*DATA FOR REVIEW:*
————

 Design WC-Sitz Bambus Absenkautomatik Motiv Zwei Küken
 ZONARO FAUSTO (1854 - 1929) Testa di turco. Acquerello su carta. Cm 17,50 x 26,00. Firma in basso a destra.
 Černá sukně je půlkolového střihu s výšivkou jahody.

————

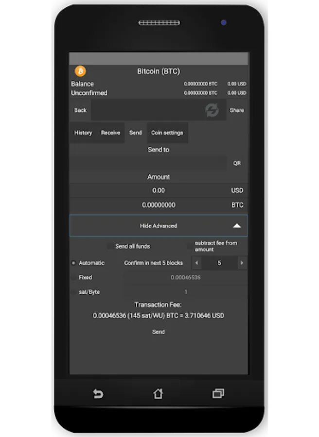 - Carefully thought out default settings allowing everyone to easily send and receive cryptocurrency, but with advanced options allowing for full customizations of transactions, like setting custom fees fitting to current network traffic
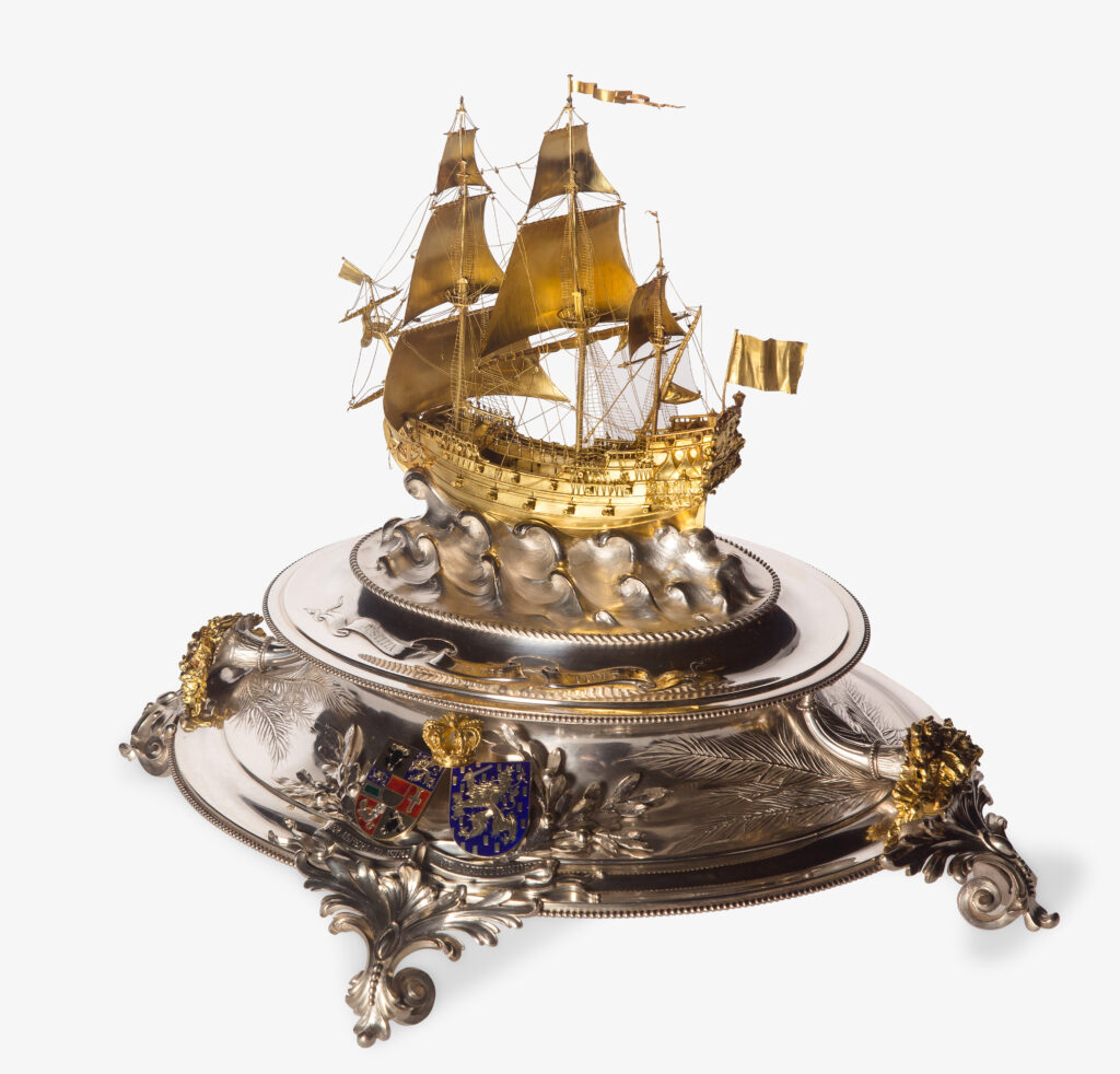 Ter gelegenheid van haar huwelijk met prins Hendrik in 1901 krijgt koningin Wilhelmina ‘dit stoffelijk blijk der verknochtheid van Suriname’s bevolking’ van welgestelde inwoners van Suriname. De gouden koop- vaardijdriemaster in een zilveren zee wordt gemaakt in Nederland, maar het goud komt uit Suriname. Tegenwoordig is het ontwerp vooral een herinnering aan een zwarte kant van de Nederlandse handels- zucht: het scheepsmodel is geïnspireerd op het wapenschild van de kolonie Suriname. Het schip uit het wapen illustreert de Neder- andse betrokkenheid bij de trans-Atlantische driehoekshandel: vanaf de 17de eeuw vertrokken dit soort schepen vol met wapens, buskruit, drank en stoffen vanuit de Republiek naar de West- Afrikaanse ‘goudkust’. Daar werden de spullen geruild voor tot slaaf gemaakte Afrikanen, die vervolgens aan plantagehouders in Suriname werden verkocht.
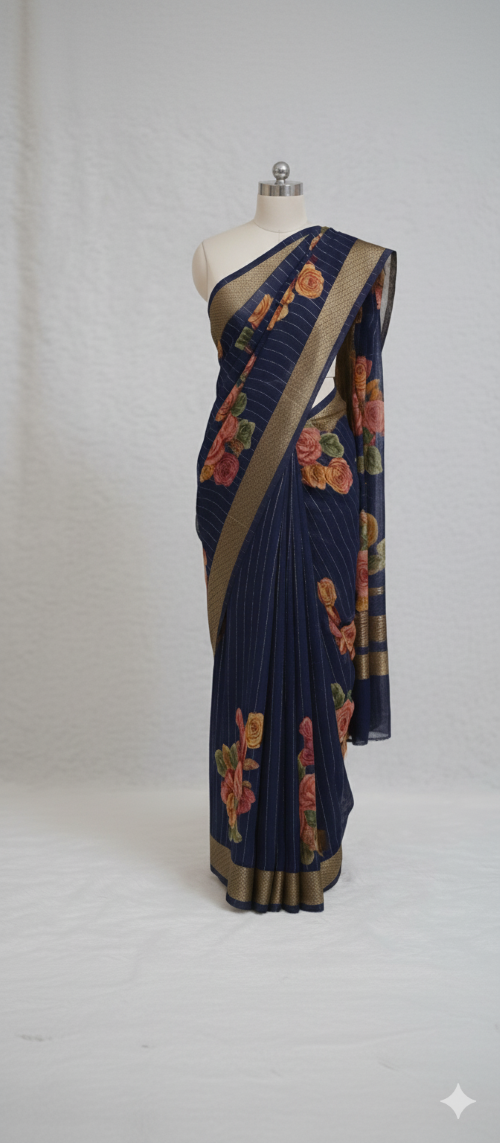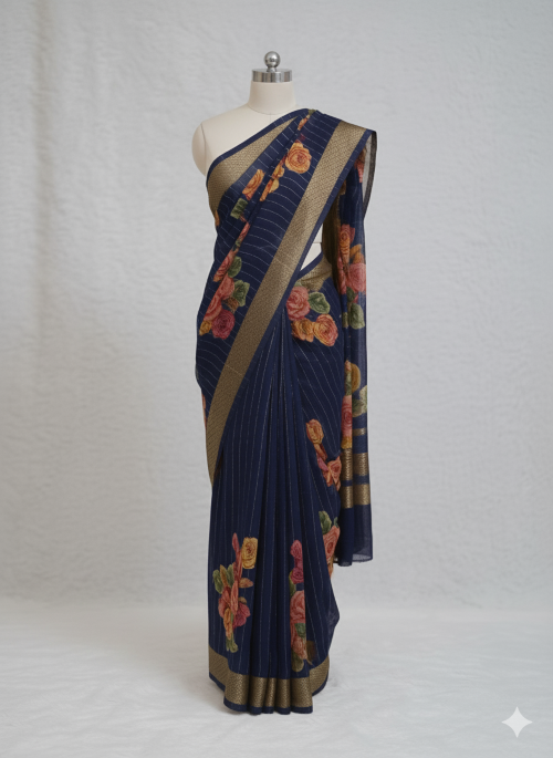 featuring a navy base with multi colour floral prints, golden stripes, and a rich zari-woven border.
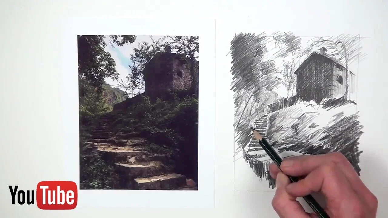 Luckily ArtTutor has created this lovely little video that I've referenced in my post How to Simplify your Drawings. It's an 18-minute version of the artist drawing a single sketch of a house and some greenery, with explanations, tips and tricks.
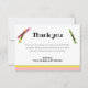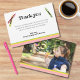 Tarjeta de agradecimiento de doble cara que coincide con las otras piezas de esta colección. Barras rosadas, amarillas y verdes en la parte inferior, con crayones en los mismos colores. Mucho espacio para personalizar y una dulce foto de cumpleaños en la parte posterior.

————

*PROMPT:* Set down word for word the lines above from the one with "Ter gelegenheid van" up to and including the one with "Luckily ArtTutor has". Omit every picture.

*ANSWER TO THIS EXERCISE:*
 Ter gelegenheid van haar huwelijk met prins Hendrik in 1901 krijgt koningin Wilhelmina ‘dit stoffelijk blijk der verknochtheid van Suriname’s bevolking’ van welgestelde inwoners van Suriname. De gouden koop- vaardijdriemaster in een zilveren zee wordt gemaakt in Nederland, maar het goud komt uit Suriname. Tegenwoordig is het ontwerp vooral een herinnering aan een zwarte kant van de Nederlandse handels- zucht: het scheepsmodel is geïnspireerd op het wapenschild van de kolonie Suriname. Het schip uit het wapen illustreert de Neder- andse betrokkenheid bij de trans-Atlantische driehoekshandel: vanaf de 17de eeuw vertrokken dit soort schepen vol met wapens, buskruit, drank en stoffen vanuit de Republiek naar de West- Afrikaanse ‘goudkust’. Daar werden de spullen geruild voor tot slaaf gemaakte Afrikanen, die vervolgens aan plantagehouders in Suriname werden verkocht.
 featuring a navy base with multi colour floral prints, golden stripes, and a rich zari-woven border.
 Luckily ArtTutor has created this lovely little video that I've referenced in my post How to Simplify your Drawings. It's an 18-minute version of the artist drawing a single sketch of a house and some greenery, with explanations, tips and tricks.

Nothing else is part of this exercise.